Учащенно дыша, Кэролайн приподняла полог и вошла. Белое Облако лежала ничком на полу, как груда тряпья. Пряди мокрых от пота седых волос прилипли к голове. Сейчас, когда ее огненные глаза были закрыты, стало понятно, что это просто старуха, маленькая и слабая, и Кэролайн устыдилась своего страха.

— Белое Облако? — шепотом окликнула она, опускаясь перед ней на колени, и потрясла ее за плечо, как до этого Сороку. Но старая индианка не откликалась. Она не просыпалась, дышала часто и поверхностно, а от ее кожи на Кэролайн пахнуло жаром.

Девушка растерялась, не зная, что предпринять. Он вышла из типи и долго стояла на дворе с трясущимися руками — неожиданно она оказалась одна в окружении людей, которые нуждались в помощи.

По настоянию Сороки Кэролайн забрала Уильяма с собой. Вскоре он уснул, засунув кулачок в рот. Уложив его в самом прохладном уголке дома, она начала осматривать шкафы и полки на кухне в поисках какой-нибудь еды, подходящей для Сороки. Собравшись с духом, она дошла до бараков и на трех койках обнаружила больных. Изумленные ее появлением, беспомощные ковбои что-то сбивчиво шептали, уверяя, что им уже полегчало, однако сил на то, чтобы подняться, у них уже не было. Кэролайн притащила воды, напоила всех и оставила по кружке воды у постели каждого. Она надеялась найти кого-нибудь, кто смог бы доскакать до города и привезти доктора, но никто из остававшихся не был на это способен. От панического страха у Кэролайн сжималось горло. Она вернулась в дом и попробовала сварить суп из сухой фасоли и остова курицы, мясо которой Сорока жарила два дня назад. Потом принесла из подпола тыкву и приготовила для Уильяма пюре.

Ночью Уильям разбудил ее отчаянным плачем, и она поднялась, взяла его на руки, качала, целовала, говорила что-то ласковое, утешала. Когда он затих и уснул, Кэролайн снова положила его, а сама села у края кровати и тихо заплакала от жалости к себе, ведь ей всегда так хотелось ребенка, который бы спал в колыбели рядом с их кроватью, ребенка, которого она утешала бы и любила. Но не ей принадлежит это дитя, и Корин не лежит с нею рядом, и этот ничтожно малый кусочек мечты, намек на то, как все могло бы сложиться, был невероятно горек и одновременно так сладостен.

К утру у Кэролайн не осталось сомнений, что Уильям тоже подхватил лихорадку.
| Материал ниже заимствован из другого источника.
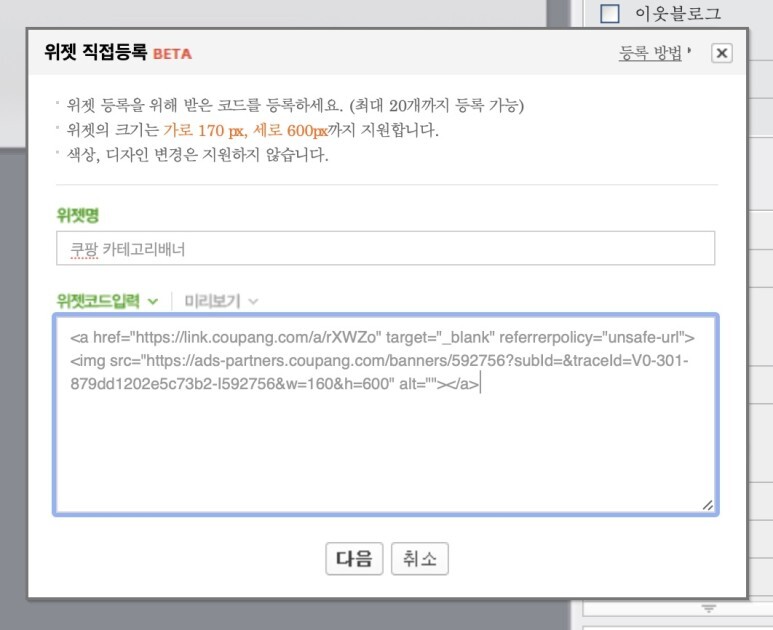 네이버블로그에 쿠팡파트너스 카테고리 배너다는 방법 본문
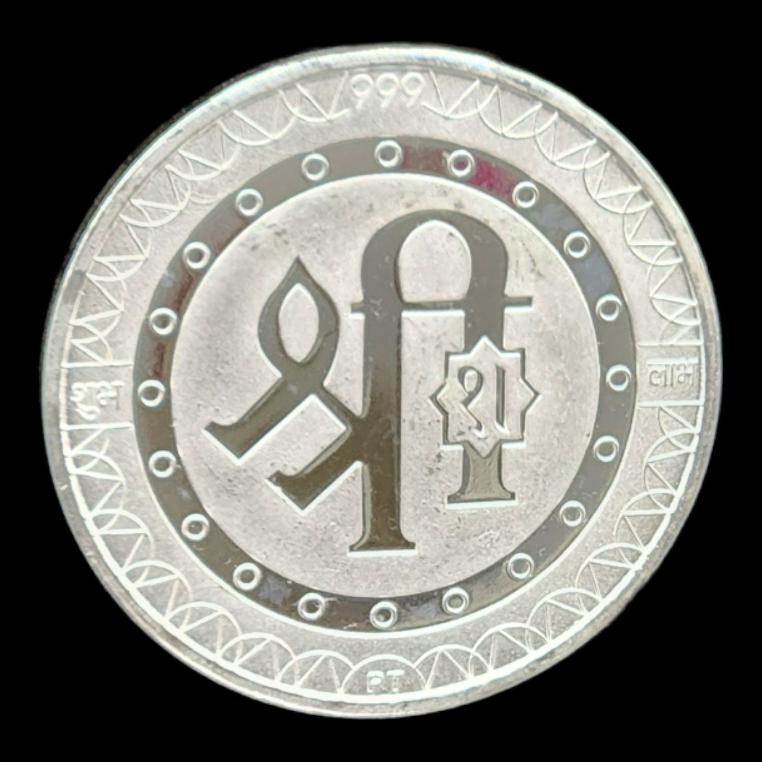 • This 999 fine Silver coin of  Lord Ganesh Goddess Laxmi , Goddess Saraswati on the front and symbol of ' SHREE ' at the reverse side of the coin.
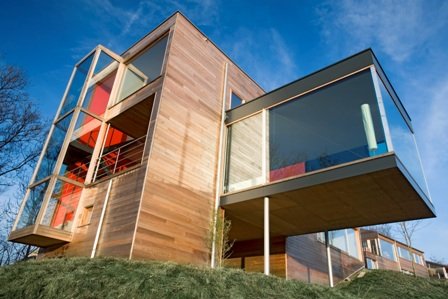Intrygujące wzory oraz barwy różnych gatunków drewna zastosowanych na fasadach nadają budowlom indywidualnego charakteru.
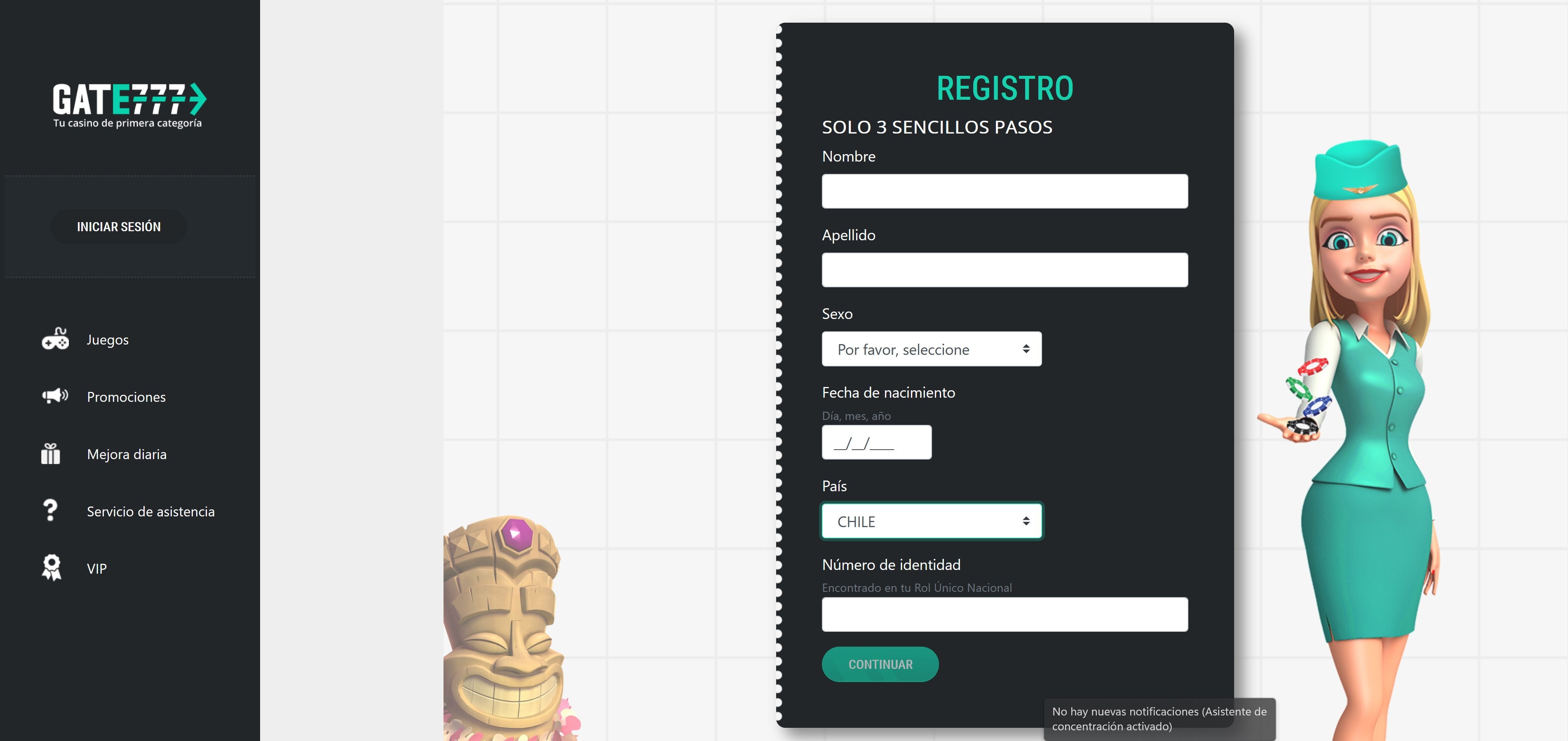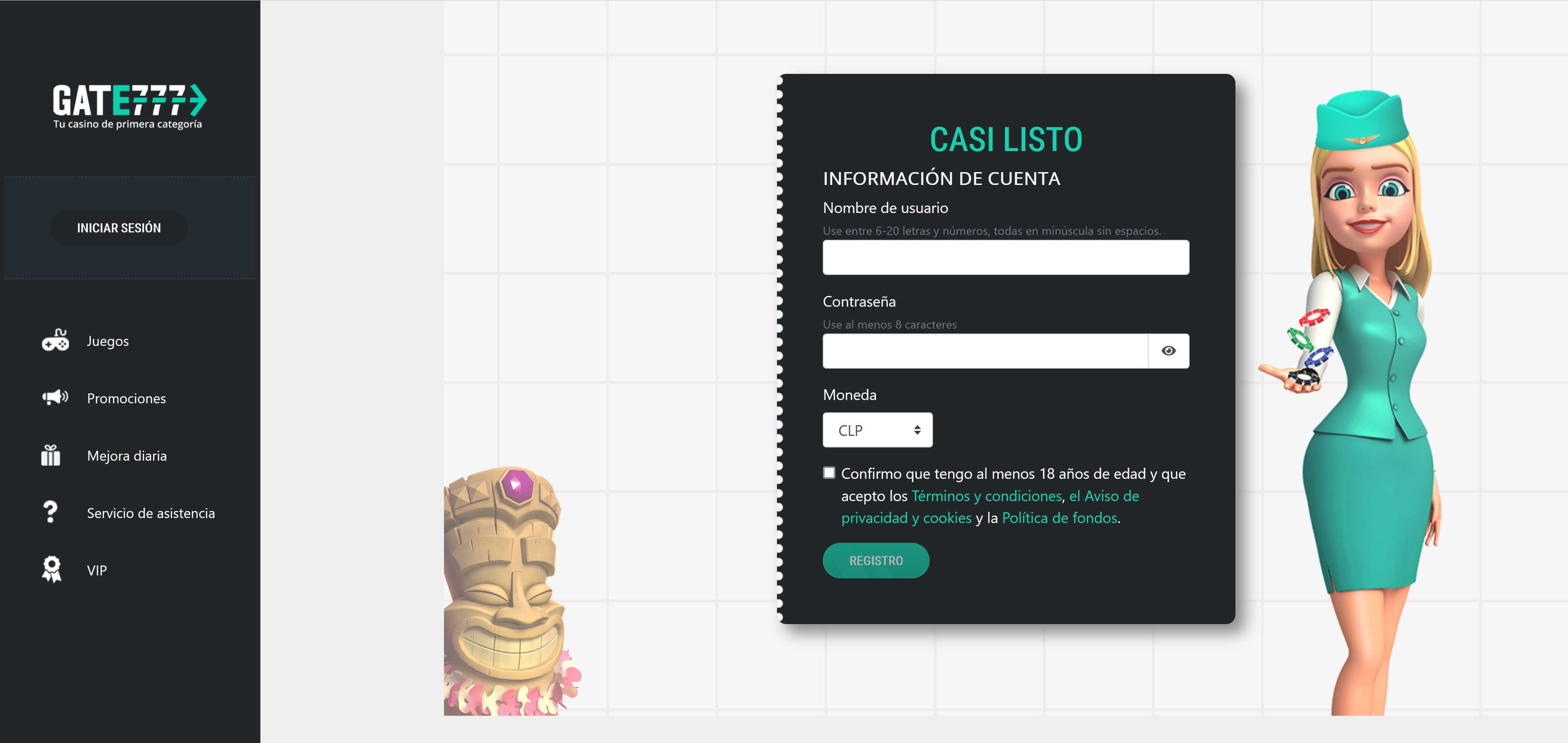 Como observación positiva, para registrarte en Gate 777 tendrás que entregar tu RUN, algo que no todos los casinos online se preocupan de hacer. Más adelante, si quieres realizar un depósito o retirar tus fondos, tendrás que contactar a support@gate777.com adjuntando algún documento que corrobore tu identidad.

Мальчик весь горел, слишком много спал, а просыпаясь, был вялым и капризным. Кэролайн сначала обошла бараки с супом, который сварила накануне, потом навестила в землянке Сороку и помедлила у входа в типи. Она понимала, что должна войти и постараться растормошить Белое Облако, напоить ее водой. Но ее обуял страх, новый жуткий страх, порожденный скорее инстинктом, нежели сознанием. От этого страха у нее шевелились волоски на шее, но все же она заставила себя приподнять полог и войти. Белое Облако не шевельнулась. Она вообще не шевелилась. Совсем. Даже грудь не поднималась и не опадала при дыхании. Кэролайн выронила полог и попятилась назад. Она дрожала всем телом, внутри у нее все сжалось от ужаса. Задыхаясь, она вошла в землянку.

Сорока еще сильнее ослабела, разбудить ее оказалось труднее. Белки ее глаз казались серыми, а кожа стала еще горячее. Влажной тряпицей Кэролайн обтерла ей лицо, смочила потрескавшиеся губы.

— Как Уильям? Заболел? — прошептала Сорока.

— Он… — Кэролайн помедлила, не решаясь сказать правду, но потом добавила твердо: — У него жар. Он что-то тихий сегодня.

Тусклые глаза Сороки испуганно блеснули.

— А Белое Облако? — спросила она.

Кэролайн отвернулась, перебирая ковш, ведро, полотенце.